### DATASET CONTENT ###

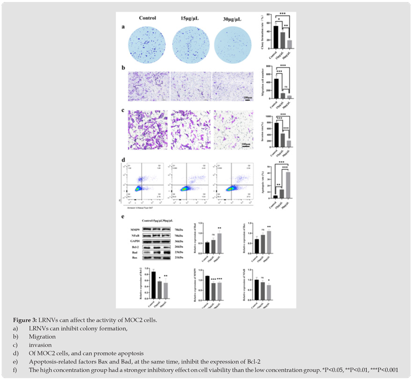 LRNVs Can Inhibit Colony Formation, Migration and Invasion of MOC2 Cells: After 24h of LRNVs, the colony formation level (Figure 3a), migration (Figure 3b) and invasion (Figure 3c) ability of MOC2 cells in 15 μg/μL and 30 μg/μL of LRNVs were significantly lower than those in the control group and the inhibitory effect of LRNVs on MOC2 cell function increased with increasing concentration. The difference was statistically significant.
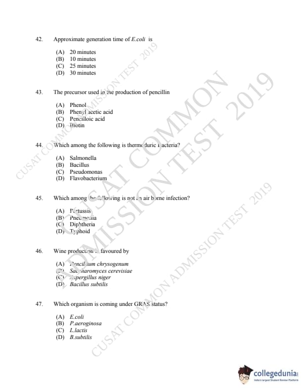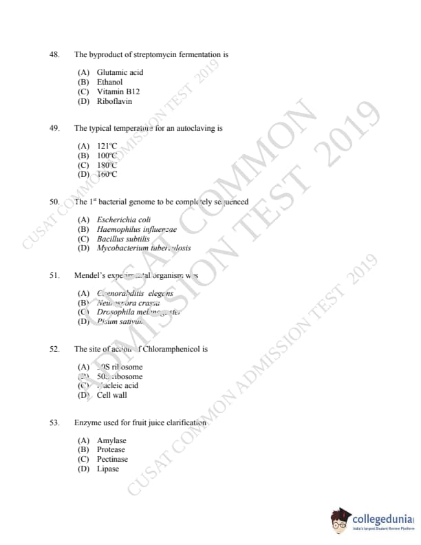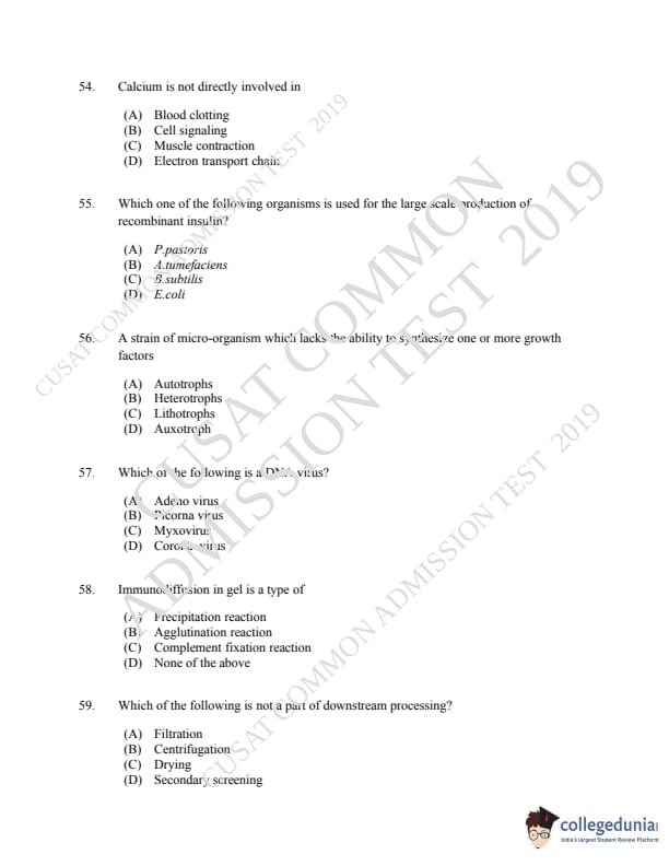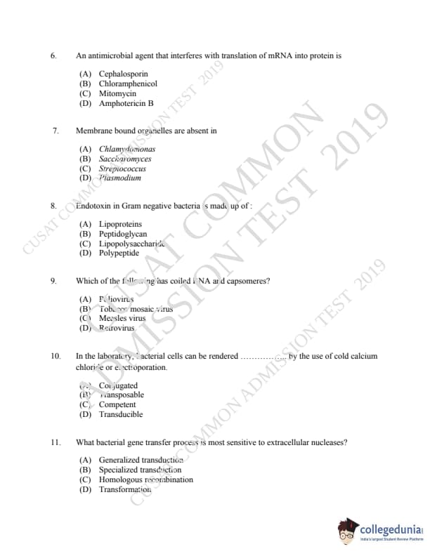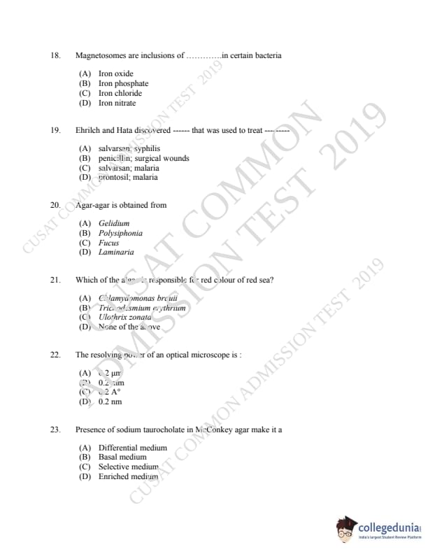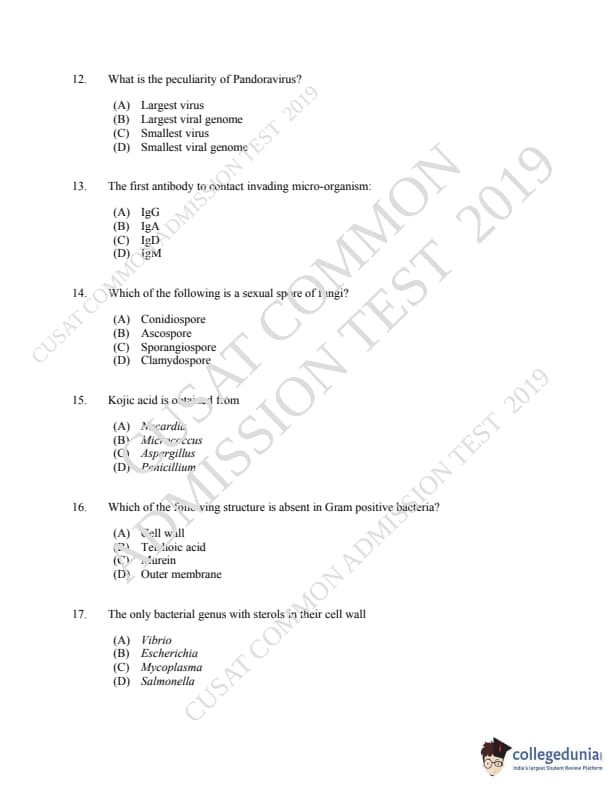 CUSAT CAT 2019 Microbiology Question Paper with Answer Key PDFs
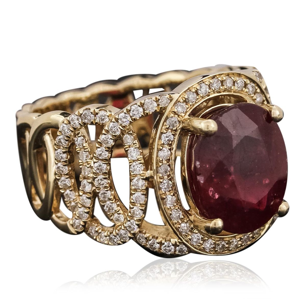 One electronically tested 14KT yellow gold ladies combination cast & assembled ring with a bright polish finish. Identified with markings of "14K". Condition is new. Containing: One prong set oval modified brilliant cut natural ruby, measuring 10.65 x 9.52 x 5.88mm, approximate weight of 4.84ct., clarity is heavily included, type II, medium dark, moderately strong, strongly purplish red color, (GIA stpR 6/4), cut is good. One Hundred Fifteen prong set round brilliant cut diamonds, measuring 1.10 - 1.10 x 0.66mm (depth est.) approximate total weight of 115 Stones = 0.55ct. Clarity: I-1 to I-2. Color: J - K, Cut is Good. Colored gemstones are presumed to have been subjected to commonly used enhancement processes. All diamonds and colored gemstones are graded in the mounting, unless otherwise stated. Total Weight of Colored Stones 4.84ct. Total Weight of Diamonds 0.55ct. Total Weight of Ring 8.60 grams. GGL Appraised at $5,470.00.
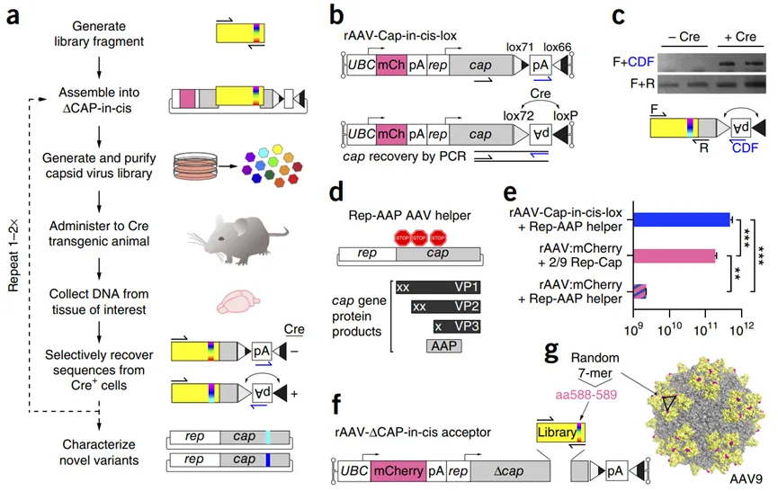 图2  基于Cre从感染的靶细胞中恢复AAV衣壳序列。a  CREATE选择过程示意图。用PCR引入多样性(多色光谱垂直带)到一个衣壳基因片段(黄色),该片段被克隆到携带剩余衣壳基因(灰色)的rAAV基因组中,并用于生成病毒变体库,之后该库被注入Cre转基因动物体内,最后用PCR从Cre+细胞中选择性恢复衣壳序列。b  rAAV-Cap-in-cis-lox rAAV基因组。Cre颠倒了被lox71和lox66位点包围的聚腺苷酸(pA)序列。PCR引物(半箭头)被用来选择性扩增Cre重组序列。c  从两个Cre+或Cre-小鼠中恢复的衣壳库序列的Cre重组依赖性(顶部)和独立性(底部)扩增的PCR产物。d 示意图显示了Rep-AAP AAV辅助质粒内的AAV基因以及由cap基因编码的蛋白质。在cap基因中插入的终止密码子消除了VP1、VP2和VP3衣壳蛋白的表达。e 与用标准的AAV2/9 Rep-Cap辅助质粒+ rAAV-UBC-mCherry(中间)或AAV2/9 Rep-AAP + rAAV·UBC-mCherry质粒(底部)生产的病毒相比,使用分离的AAV2/9 Rep-AAP + rAAV-Cap-in-cis-lox质粒也能生成有DNase抗性的AAV载体基因组(vg)(顶部)(AAV基因组的DNase抗性是AAV在生产、纯化、储存和给药过程中过程中具有较高的稳定性的指标)。f 将7-mer衣壳库克隆到rAAV-∆Cap-in-cis载体中。g  AAV9表面模型显示了7-mer插入在氨基酸(aa)588和589(洋红色)之间的位置。黄色表示用PCR生成的库片段编码的位点(aa 450-592)。

###

## YOUR TASK
Set the data above down again exactly as given, with no pictures.

## SOLUTION FOR THIS PROBLEM
 LRNVs Can Inhibit Colony Formation, Migration and Invasion of MOC2 Cells: After 24h of LRNVs, the colony formation level (Figure 3a), migration (Figure 3b) and invasion (Figure 3c) ability of MOC2 cells in 15 μg/μL and 30 μg/μL of LRNVs were significantly lower than those in the control group and the inhibitory effect of LRNVs on MOC2 cell function increased with increasing concentration. The difference was statistically significant.
 CUSAT CAT 2019 Microbiology Question Paper with Answer Key PDFs
 One electronically tested 14KT yellow gold ladies combination cast & assembled ring with a bright polish finish. Identified with markings of "14K". Condition is new. Containing: One prong set oval modified brilliant cut natural ruby, measuring 10.65 x 9.52 x 5.88mm, approximate weight of 4.84ct., clarity is heavily included, type II, medium dark, moderately strong, strongly purplish red color, (GIA stpR 6/4), cut is good. One Hundred Fifteen prong set round brilliant cut diamonds, measuring 1.10 - 1.10 x 0.66mm (depth est.) approximate total weight of 115 Stones = 0.55ct. Clarity: I-1 to I-2. Color: J - K, Cut is Good. Colored gemstones are presumed to have been subjected to commonly used enhancement processes. All diamonds and colored gemstones are graded in the mounting, unless otherwise stated. Total Weight of Colored Stones 4.84ct. Total Weight of Diamonds 0.55ct. Total Weight of Ring 8.60 grams. GGL Appraised at $5,470.00.
 图2  基于Cre从感染的靶细胞中恢复AAV衣壳序列。a  CREATE选择过程示意图。用PCR引入多样性(多色光谱垂直带)到一个衣壳基因片段(黄色),该片段被克隆到携带剩余衣壳基因(灰色)的rAAV基因组中,并用于生成病毒变体库,之后该库被注入Cre转基因动物体内,最后用PCR从Cre+细胞中选择性恢复衣壳序列。b  rAAV-Cap-in-cis-lox rAAV基因组。Cre颠倒了被lox71和lox66位点包围的聚腺苷酸(pA)序列。PCR引物(半箭头)被用来选择性扩增Cre重组序列。c  从两个Cre+或Cre-小鼠中恢复的衣壳库序列的Cre重组依赖性(顶部)和独立性(底部)扩增的PCR产物。d 示意图显示了Rep-AAP AAV辅助质粒内的AAV基因以及由cap基因编码的蛋白质。在cap基因中插入的终止密码子消除了VP1、VP2和VP3衣壳蛋白的表达。e 与用标准的AAV2/9 Rep-Cap辅助质粒+ rAAV-UBC-mCherry(中间)或AAV2/9 Rep-AAP + rAAV·UBC-mCherry质粒(底部)生产的病毒相比,使用分离的AAV2/9 Rep-AAP + rAAV-Cap-in-cis-lox质粒也能生成有DNase抗性的AAV载体基因组(vg)(顶部)(AAV基因组的DNase抗性是AAV在生产、纯化、储存和给药过程中过程中具有较高的稳定性的指标)。f 将7-mer衣壳库克隆到rAAV-∆Cap-in-cis载体中。g  AAV9表面模型显示了7-mer插入在氨基酸(aa)588和589(洋红色)之间的位置。黄色表示用PCR生成的库片段编码的位点(aa 450-592)。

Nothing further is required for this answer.